Are algorithms fair?
With algorithms taking a major role in the decision-making of common life situations, it’s natural to ask if they are fair. The issue is that, with great fairness, comes bad performance… or does it?
In this article, we’ll explore a specific use case and dissect it to understand whether algorithms can be constructed to achieve positive results without negatively affecting the target user in the real world.
If you ever requested a loan, a mortgage, applied for a job, called customer service or used a credit card; Then your life, for the better or worse, was influenced by the output of a data science algorithm.
Let me start by saying that algorithms cannot be classified as “fair/not fair” there is no concept in algorithms themselves for that because they don’t think. Algorithms have inputs and outputs, and normally, there is a function that they’re optimising for. For example, if the algorithm says that “you are eligible for a credit card” then it is very likely that you’ll get it, but they might still have some human input in determining acceptance or rejection of the application.

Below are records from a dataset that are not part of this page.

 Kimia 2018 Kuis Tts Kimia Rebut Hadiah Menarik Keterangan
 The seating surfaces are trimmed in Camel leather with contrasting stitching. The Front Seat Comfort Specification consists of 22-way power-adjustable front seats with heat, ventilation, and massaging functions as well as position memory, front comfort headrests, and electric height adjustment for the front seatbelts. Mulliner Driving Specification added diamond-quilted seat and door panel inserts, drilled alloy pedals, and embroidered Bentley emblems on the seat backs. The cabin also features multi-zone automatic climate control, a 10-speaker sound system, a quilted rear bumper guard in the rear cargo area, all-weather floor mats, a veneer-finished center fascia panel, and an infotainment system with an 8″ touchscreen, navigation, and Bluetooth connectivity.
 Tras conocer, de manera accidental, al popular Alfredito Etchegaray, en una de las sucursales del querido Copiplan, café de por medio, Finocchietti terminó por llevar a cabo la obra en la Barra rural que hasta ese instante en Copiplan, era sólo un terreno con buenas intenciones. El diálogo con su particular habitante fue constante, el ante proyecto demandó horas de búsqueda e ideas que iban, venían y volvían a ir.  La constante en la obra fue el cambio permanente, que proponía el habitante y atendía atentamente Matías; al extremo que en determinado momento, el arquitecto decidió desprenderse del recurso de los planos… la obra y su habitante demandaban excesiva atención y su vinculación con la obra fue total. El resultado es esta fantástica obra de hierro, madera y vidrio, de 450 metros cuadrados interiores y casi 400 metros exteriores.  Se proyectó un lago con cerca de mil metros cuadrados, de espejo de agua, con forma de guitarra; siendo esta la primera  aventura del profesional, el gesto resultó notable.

What needs to be discussed is whether the way the algorithm is planned to be used is fair, and to make sure that the algorithm is designed to be fair with everyone and not just benefit a minority or even majority group.

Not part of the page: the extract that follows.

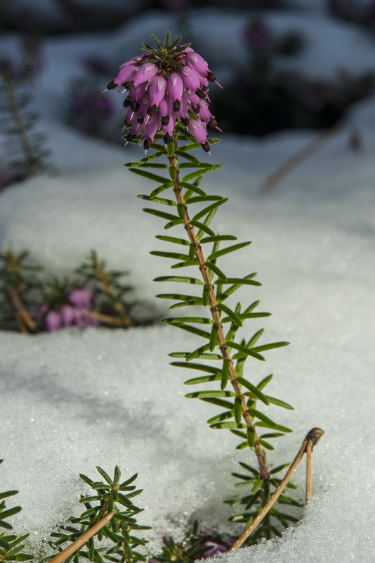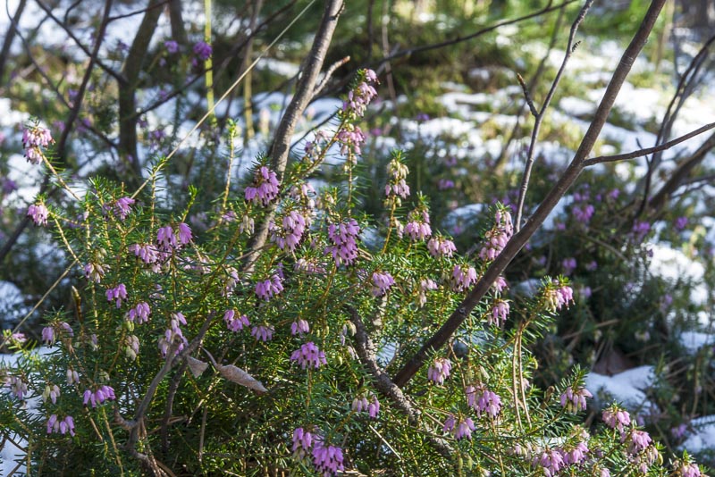 Auch heute kann ich wieder mein Makroobjektiv verwenden! Auf einem kleinen eingezäunten Gebiet, zu dem Wildtiere keinen Zutritt haben, hat sich die Schneeheide (Erica carnea, Erica herbacea) ausgebreitet - sie trägt ihren Namen völlig zu recht!

Let’s focus on a specific yet unexpected example where life decisions are being affected by algorithms: Data Science algorithms are being used to shape the studies of children in some schools in Hong Kong. Let’s make a summary of the system based on information from the above article:
What does the program do?
One of the objectives of the algorithm is to accurately determine emotions using data extracted via video recordings, focusing on the facial movements of the students. Let’s start by noting that the creators of the algorithm claim not to keep the footage of the children, just the data generated from it i.e the distance between the eyes and the eyebrows. Those emotions captured on film in conjunction with data regarding the student: how long it takes to answer questions, marks and performance history, generates reports and highlights their strengths and weaknesses. The algorithm is also utilized to forecast their grades.
What is used for evaluation? What was the research behind it?

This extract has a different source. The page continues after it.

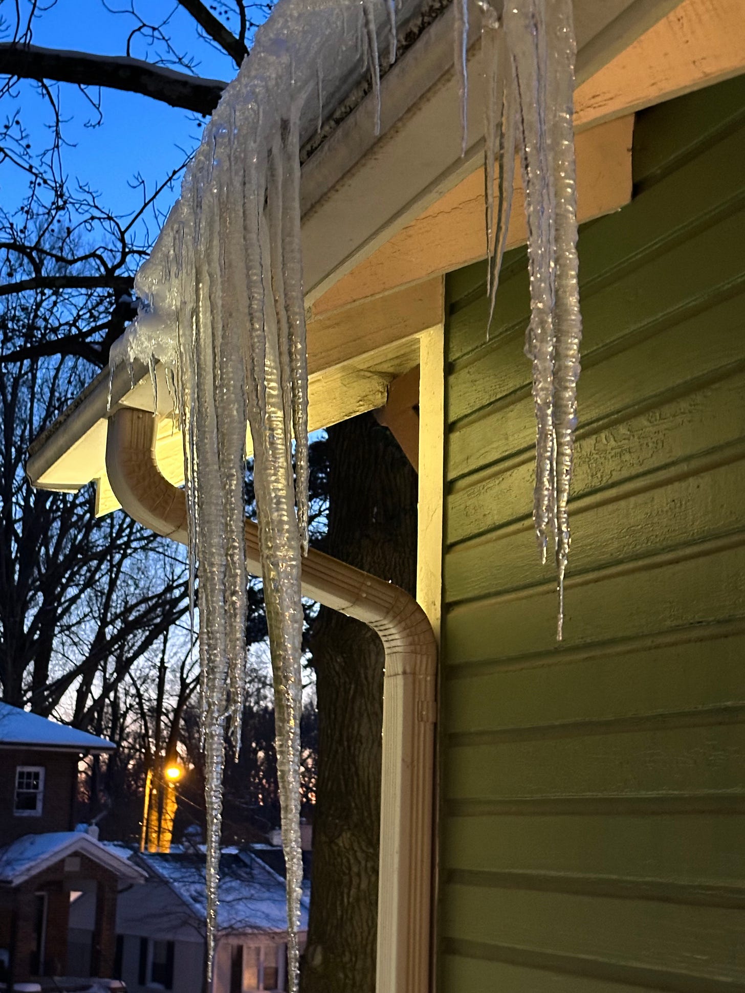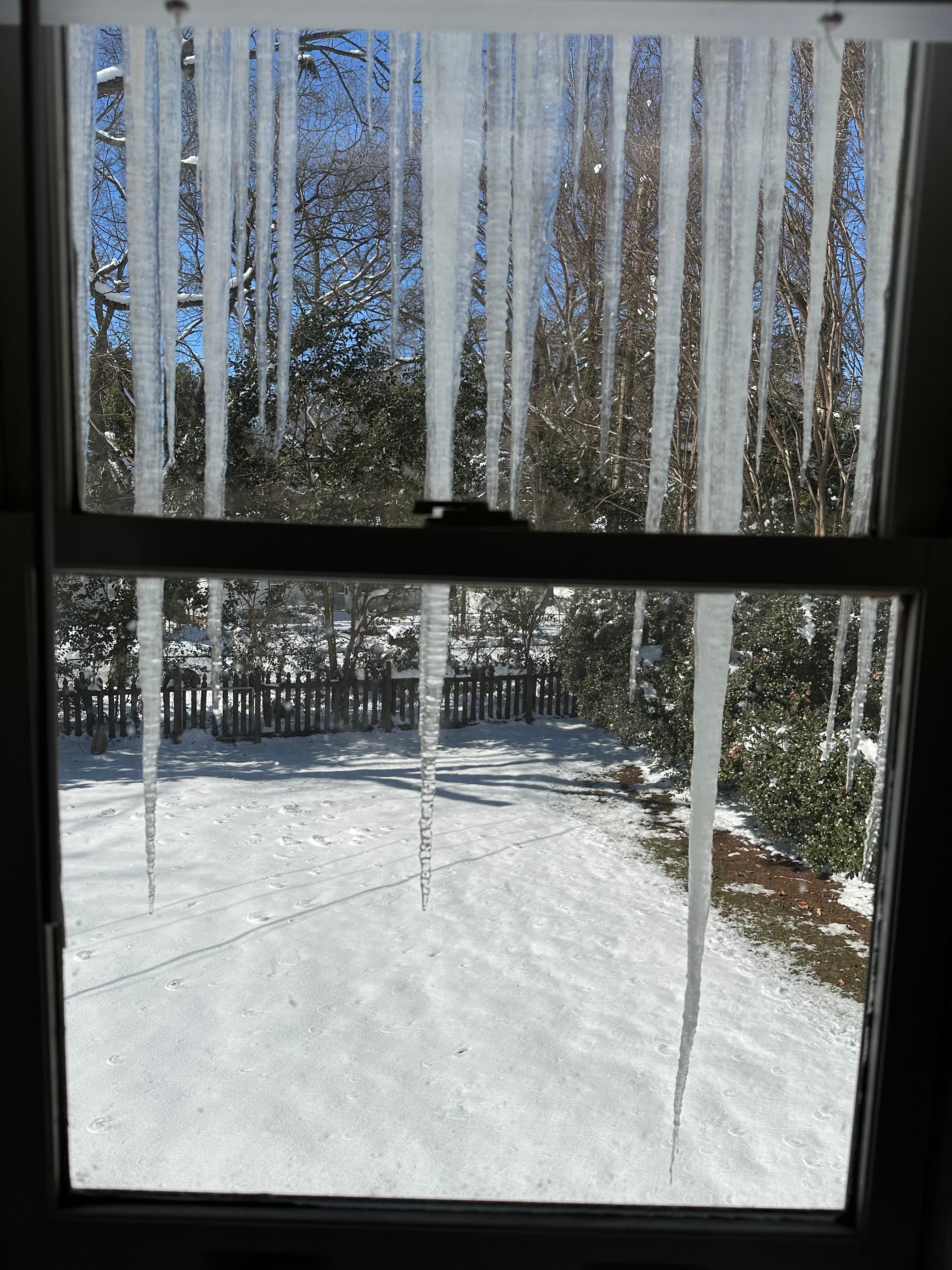 Then on Sunday it melted a bit and refroze. And that’s when the icicles came out. Alix got some great photos:

Just like many of these tools, details of how they operate are unknown. Reading through the information provided by the creator company , it is not 100% apparent how the algorithm works and so it is difficult to evaluate what specific inputs are being used for evaluation and the background research that led the company to this method.
Using what is mentioned in the article, it seems like their main point is to utilize the facial expressions of emotions combined with the history of the student (grades are mentioned). Since these tools are built to work on something so important as student’s choices, both made by and made for the student, based upon data outputted via the algorithm i.e. the way they operate, their weaknesses, and how they are improving on them, the evaluation procedure and background research should be very clear and open to the public but as Cathy O’Neil mentions in her informative talk weapons of math destruction , these tools are rarely transparent.
How is it used?
It helps teachers to create personalised tests and assignments based upon the emotional state of the student.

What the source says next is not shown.